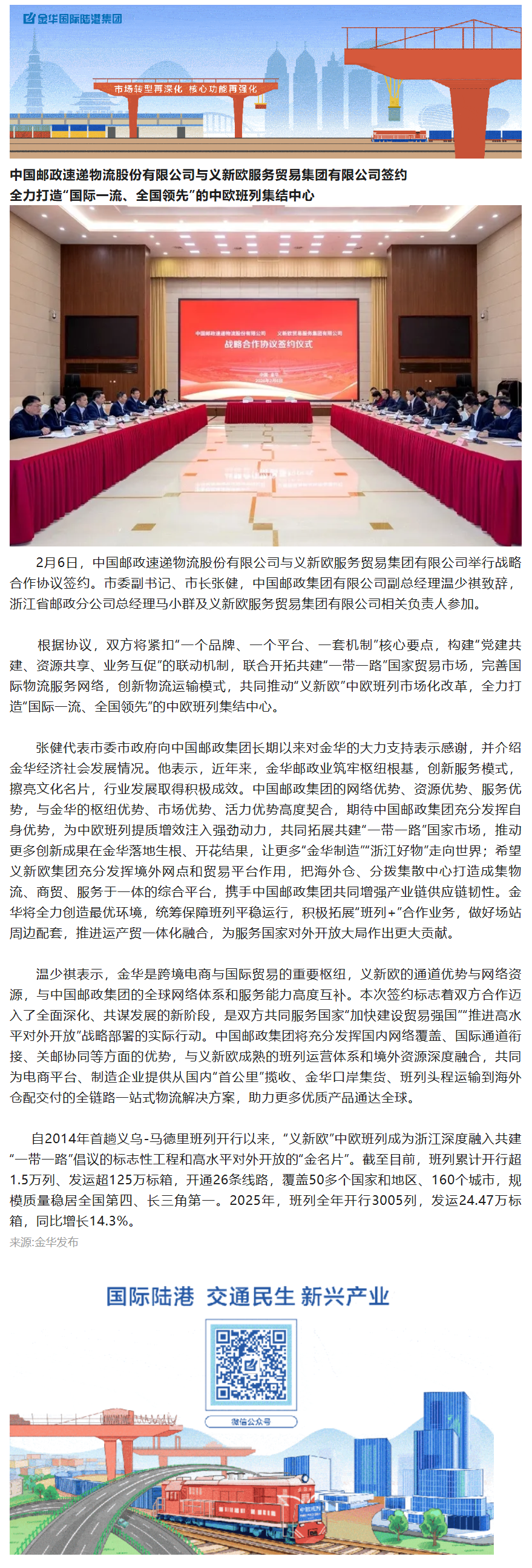 中國(guó)郵政速遞物流股份有限公司與義新歐服務(wù)貿(mào)易集團(tuán)有限公司簽約
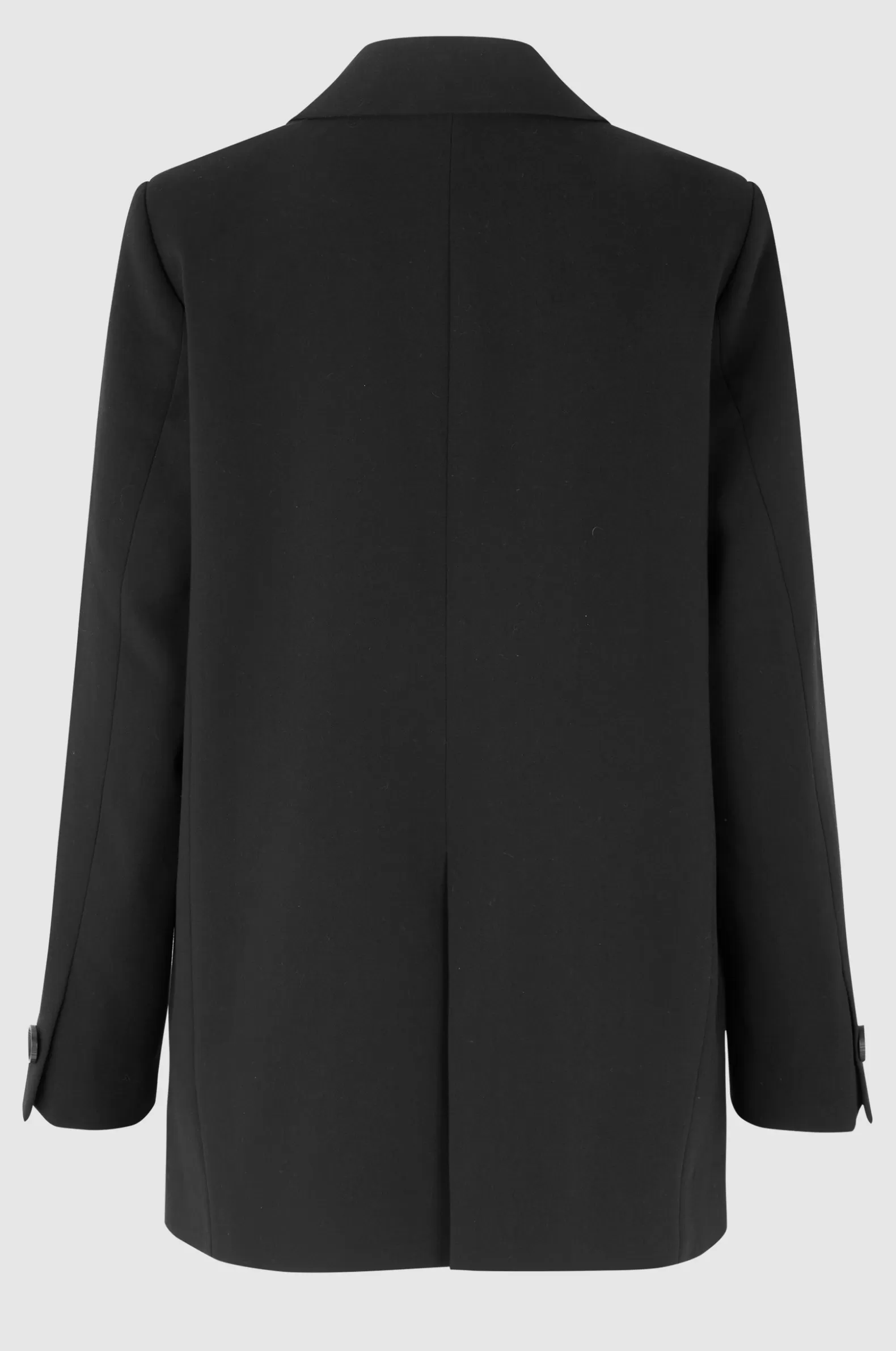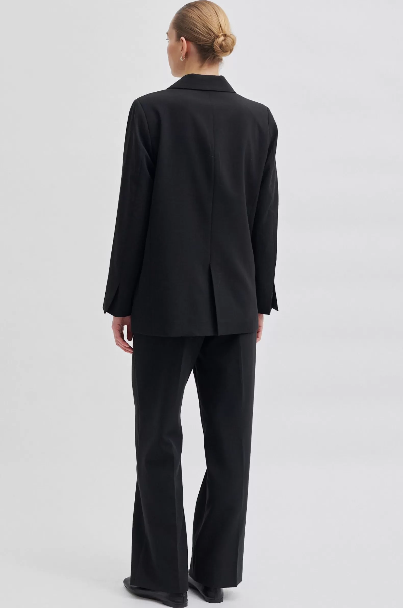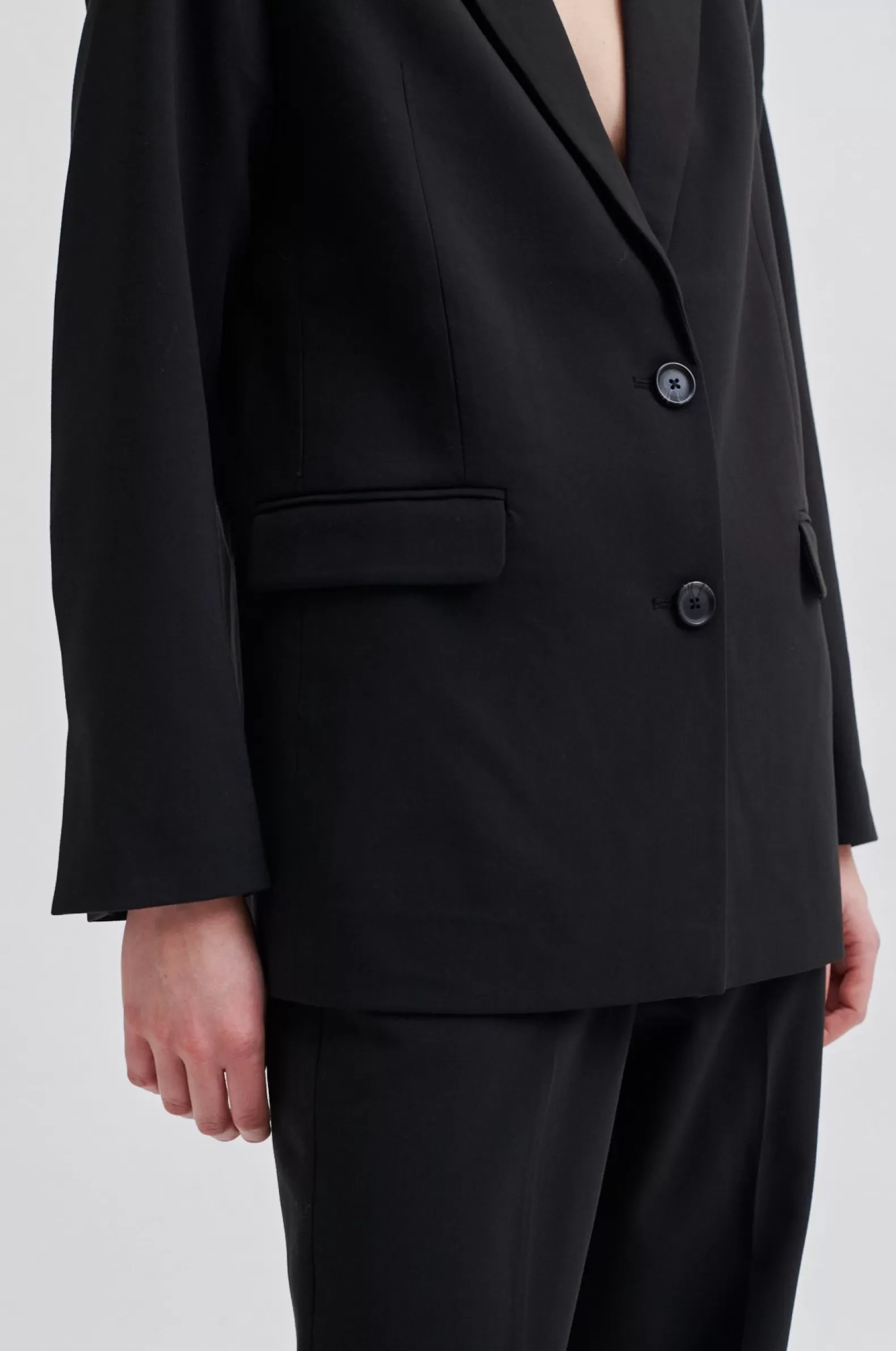 Second Female classic blazer. Made in light, smooth fabric. Featuring a notch lapel and two-button fastening at the front. Padded shoulders and long sleeves with slits at cuffs. Two flap pockets and single slit at back. Fully lined. Loose and relaxed fit.
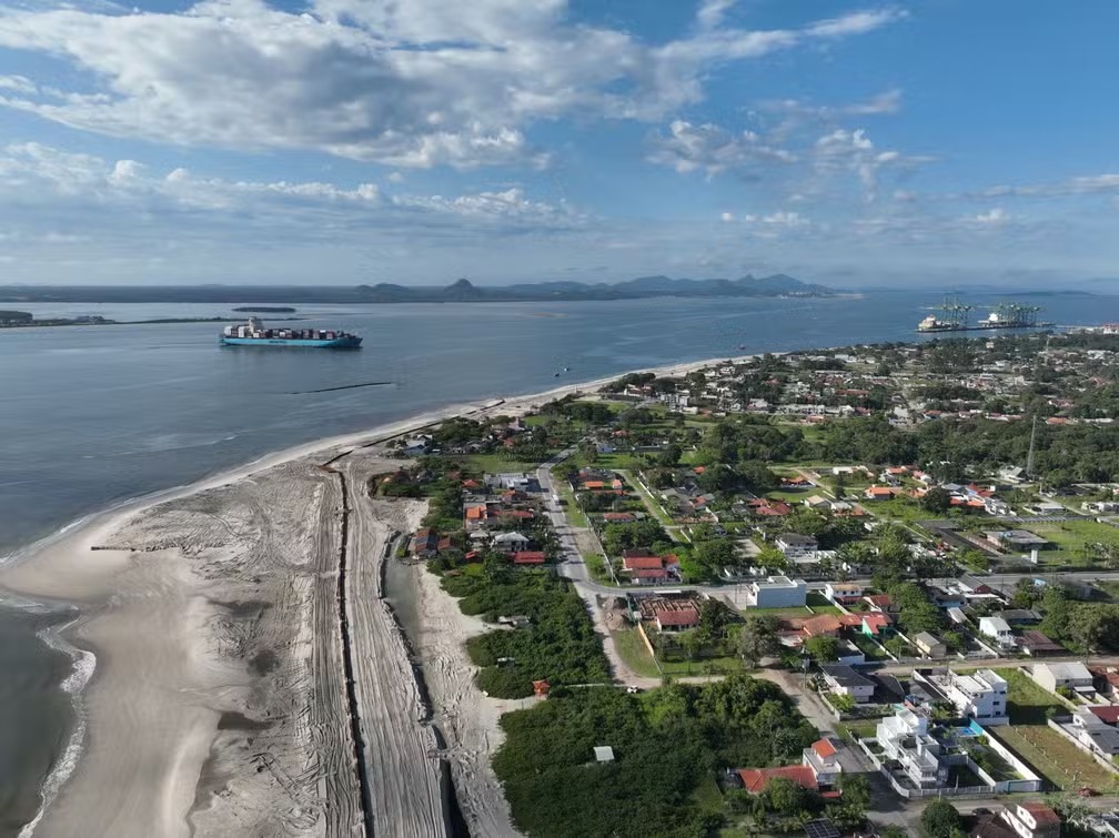 Maior obra de alargamento de praia do Brasil, em Itapoá (SC) já alcançou 58,5% de progresso e ampliou 5 km da orla. Intervenção começou em outubro de 2023 e prevê a ampliação de 8,8 km de faixa de areia até o fim do ano. Mais de 3,4 milhões de metros cúbicos de areia foram depositados; sedimento foi retirado da Baía da Babitonga. Obra utiliza uma draga de 166,5 metros, que já realizou 394 operações para transportar areia. Serviço vai ampliar as orlas das praias Figueira do Pontal, Pontal do Norte e Princesa do Mar.

══════════════════════════════

▶ Work item: Pictures stay out of the copy; print the material above exactly.

▶ Result of this exercise:
 中國(guó)郵政速遞物流股份有限公司與義新歐服務(wù)貿(mào)易集團(tuán)有限公司簽約
 Second Female classic blazer. Made in light, smooth fabric. Featuring a notch lapel and two-button fastening at the front. Padded shoulders and long sleeves with slits at cuffs. Two flap pockets and single slit at back. Fully lined. Loose and relaxed fit.
 Maior obra de alargamento de praia do Brasil, em Itapoá (SC) já alcançou 58,5% de progresso e ampliou 5 km da orla. Intervenção começou em outubro de 2023 e prevê a ampliação de 8,8 km de faixa de areia até o fim do ano. Mais de 3,4 milhões de metros cúbicos de areia foram depositados; sedimento foi retirado da Baía da Babitonga. Obra utiliza uma draga de 166,5 metros, que já realizou 394 operações para transportar areia. Serviço vai ampliar as orlas das praias Figueira do Pontal, Pontal do Norte e Princesa do Mar.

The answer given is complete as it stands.